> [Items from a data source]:
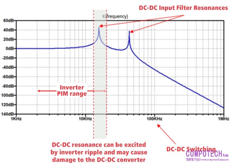 图 2:DC-DC 轉換器輸入濾波器設計用於衰減高頻率雜訊,而且可能具有與電機驅動器頻率範圍重疊的諧振。
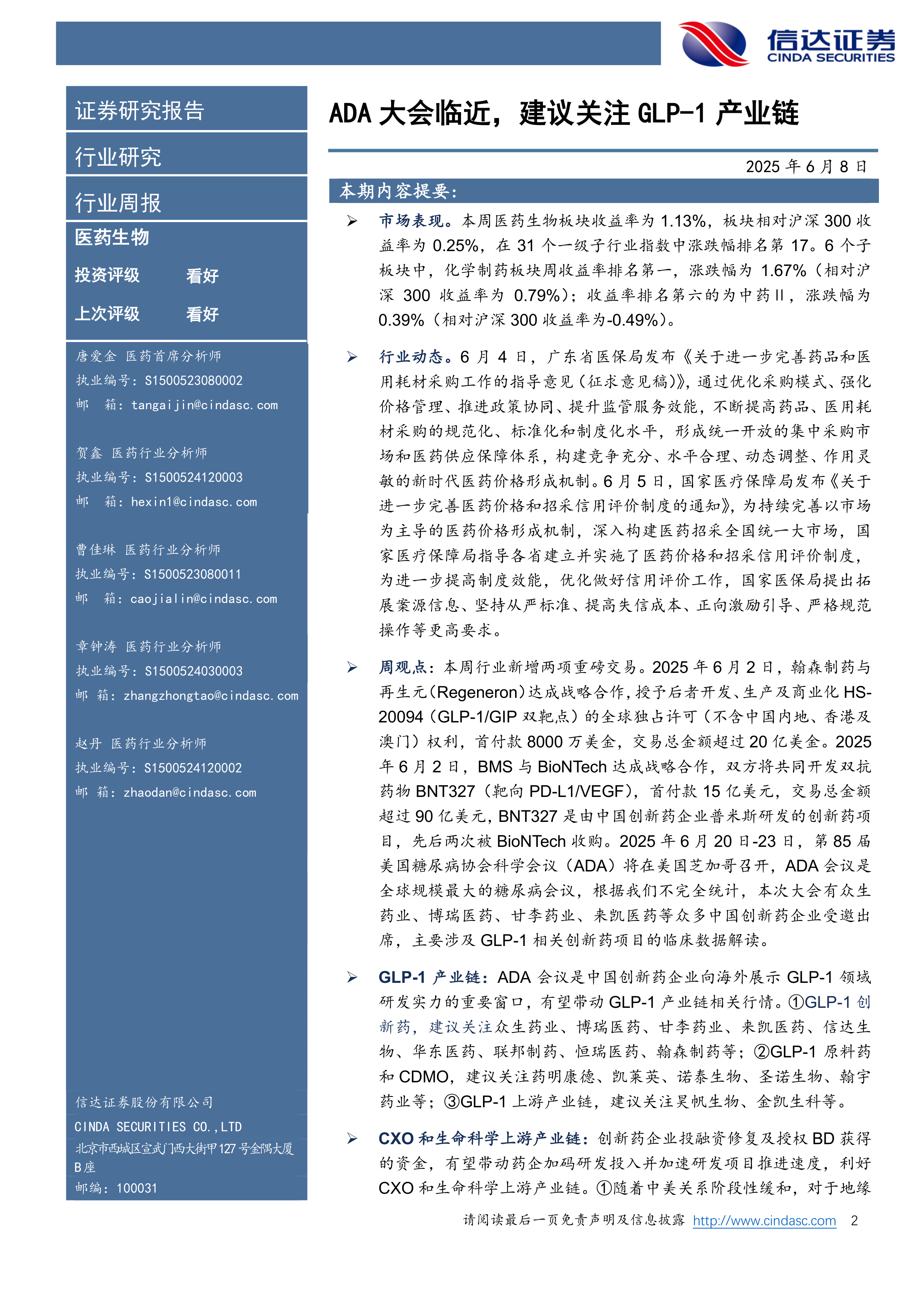 本报告基于对近期医药行业市场表现、政策动态、重大交易以及ADA大会的分析,认为GLP-1产业链以及CXO、生命科学上游产业链等领域存在较好的投资机会。 报告提供了具体的投资建议,并提示了关税政策变动、地缘政治风险、消费刺激政策变动、产品销售不及预期、临床数据不及预期、集采降价幅度高于预期以及市场竞争加剧等风险因素。 投资者应根据自身情况谨慎投资,并注意风险管理。
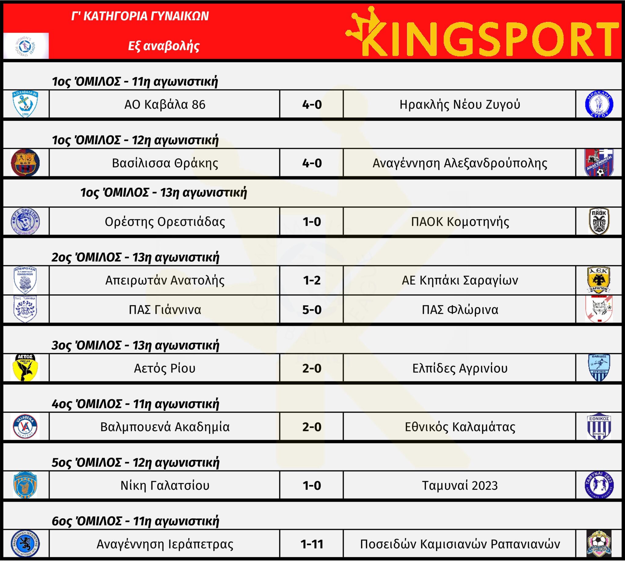 Για το Περιφερειακό Πρωτάθλημα Γ’ Κατηγορίας Γυναικών, διεξήχθησαν εξ αναβολής αγώνες: Για την 11η, 12η  και 13η αγωνιστική του 1ου ομίλου, τη 13η αγωνιστική του 2ου ομίλου, τη 13η αγωνιστική του 3ου ομίλου, την 11η αγωνιστική του 4ου ομίλου, τη 12η αγωνιστική του 5ου ομίλου και την 11η αγωνιστική του 6ου ομίλου.
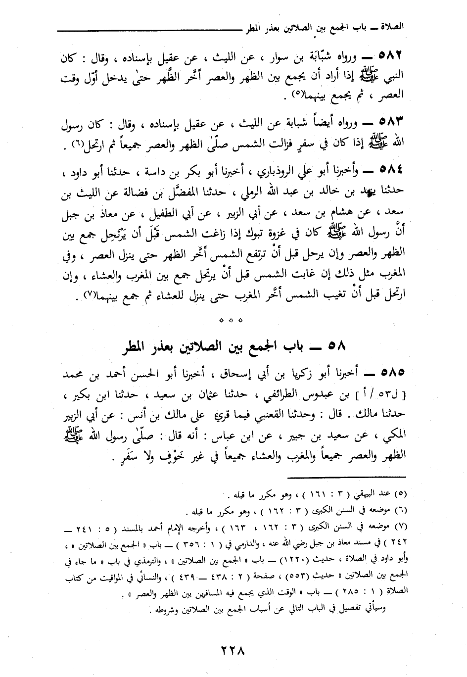 582 - وَرَوَاهُ شَبَابَةُ بْنُ سَوَّارٍ، عَنِ اللَّيْثِ، عَنْ عَقِيلٍ، بِإِسْنَادِهِ وَقَالَ: كَانَ النَّبِيُّ صَلَّى اللهُ عَلَيْهِ وَسَلَّمَ § «إِذَا أَرَادَ أَنْ يَجْمَعَ بَيْنَ الظُّهْرِ وَالْعَصْرِ أَخَّرَ الظُّهْرَ حَتَّى يَدْخُلَ أَوَّلُ وَقْتِ الْعَصْرِ، ثُمَّ يَجْمَعُ بَيْنَهُمَا»
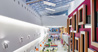 Ušće‘s architecture is based on strong contrasts. The huge signal red façade first attracts visitors, while the clear, peaceful and light interior makes them want to stay there. Gentle, natural tones please the eye and form a neutral space for shops and attractions. ‚Our task was to create a setting for different types of shops. So we worked with white a lot – to make sure that all the attention is directed to the products offered by the shopping and food areas‘, says Gerardo Sannella about the design concept.
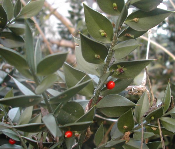 葉のように見えるところは実は枝の変形したもので、先にある尖ったところが葉だという。写真をごそごそ撮るのには、暗くて痛かったけれど、珍しいものの発見は嬉しい。
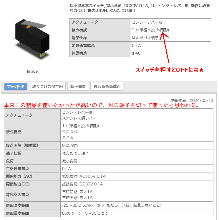 マイクロスイッチ 常時ON スイッチ押しでOFFに SS-01GL-2加工
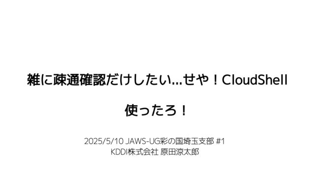 雑に疎通確認だけしたい...せや!CloudShell 使ったろ! 2025/5/10 JAWS-UG彩の国埼玉支部 #1 KDDI株式会社 原田涼太郎
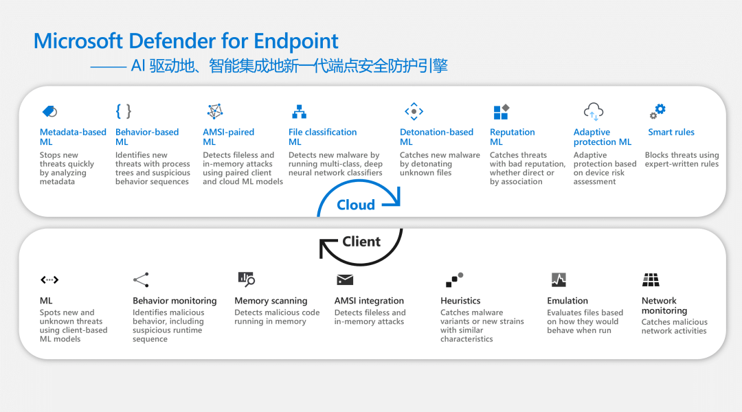 为了加强微软安全产品所提供的自动保护,更好地防范各种网络攻击行为,微软研发了这个基于云的、AI驱动的自适应保护系统。端点设备通过与这个系统的交互,可以结合云端安全情报、大数据、 AI/ML 等先进技术,智能地预测和判断它是否处于危险之中,然后结合AI驱动的自适应保护系统的建议,自动调整安全防护的敏感度并执行相适应的保护和阻断操作,以保护设备并挫败攻击者的下一步行动。

> [Exercise instructions]: Please repeat the data above exactly as it appears, pictures excluded.

> [Written solution]:
 图 2:DC-DC 轉換器輸入濾波器設計用於衰減高頻率雜訊,而且可能具有與電機驅動器頻率範圍重疊的諧振。
 本报告基于对近期医药行业市场表现、政策动态、重大交易以及ADA大会的分析,认为GLP-1产业链以及CXO、生命科学上游产业链等领域存在较好的投资机会。 报告提供了具体的投资建议,并提示了关税政策变动、地缘政治风险、消费刺激政策变动、产品销售不及预期、临床数据不及预期、集采降价幅度高于预期以及市场竞争加剧等风险因素。 投资者应根据自身情况谨慎投资,并注意风险管理。
 Για το Περιφερειακό Πρωτάθλημα Γ’ Κατηγορίας Γυναικών, διεξήχθησαν εξ αναβολής αγώνες: Για την 11η, 12η  και 13η αγωνιστική του 1ου ομίλου, τη 13η αγωνιστική του 2ου ομίλου, τη 13η αγωνιστική του 3ου ομίλου, την 11η αγωνιστική του 4ου ομίλου, τη 12η αγωνιστική του 5ου ομίλου και την 11η αγωνιστική του 6ου ομίλου.
 582 - وَرَوَاهُ شَبَابَةُ بْنُ سَوَّارٍ، عَنِ اللَّيْثِ، عَنْ عَقِيلٍ، بِإِسْنَادِهِ وَقَالَ: كَانَ النَّبِيُّ صَلَّى اللهُ عَلَيْهِ وَسَلَّمَ § «إِذَا أَرَادَ أَنْ يَجْمَعَ بَيْنَ الظُّهْرِ وَالْعَصْرِ أَخَّرَ الظُّهْرَ حَتَّى يَدْخُلَ أَوَّلُ وَقْتِ الْعَصْرِ، ثُمَّ يَجْمَعُ بَيْنَهُمَا»
 Ušće‘s architecture is based on strong contrasts. The huge signal red façade first attracts visitors, while the clear, peaceful and light interior makes them want to stay there. Gentle, natural tones please the eye and form a neutral space for shops and attractions. ‚Our task was to create a setting for different types of shops. So we worked with white a lot – to make sure that all the attention is directed to the products offered by the shopping and food areas‘, says Gerardo Sannella about the design concept.
 葉のように見えるところは実は枝の変形したもので、先にある尖ったところが葉だという。写真をごそごそ撮るのには、暗くて痛かったけれど、珍しいものの発見は嬉しい。
 マイクロスイッチ 常時ON スイッチ押しでOFFに SS-01GL-2加工
 雑に疎通確認だけしたい...せや!CloudShell 使ったろ! 2025/5/10 JAWS-UG彩の国埼玉支部 #1 KDDI株式会社 原田涼太郎
 为了加强微软安全产品所提供的自动保护,更好地防范各种网络攻击行为,微软研发了这个基于云的、AI驱动的自适应保护系统。端点设备通过与这个系统的交互,可以结合云端安全情报、大数据、 AI/ML 等先进技术,智能地预测和判断它是否处于危险之中,然后结合AI驱动的自适应保护系统的建议,自动调整安全防护的敏感度并执行相适应的保护和阻断操作,以保护设备并挫败攻击者的下一步行动。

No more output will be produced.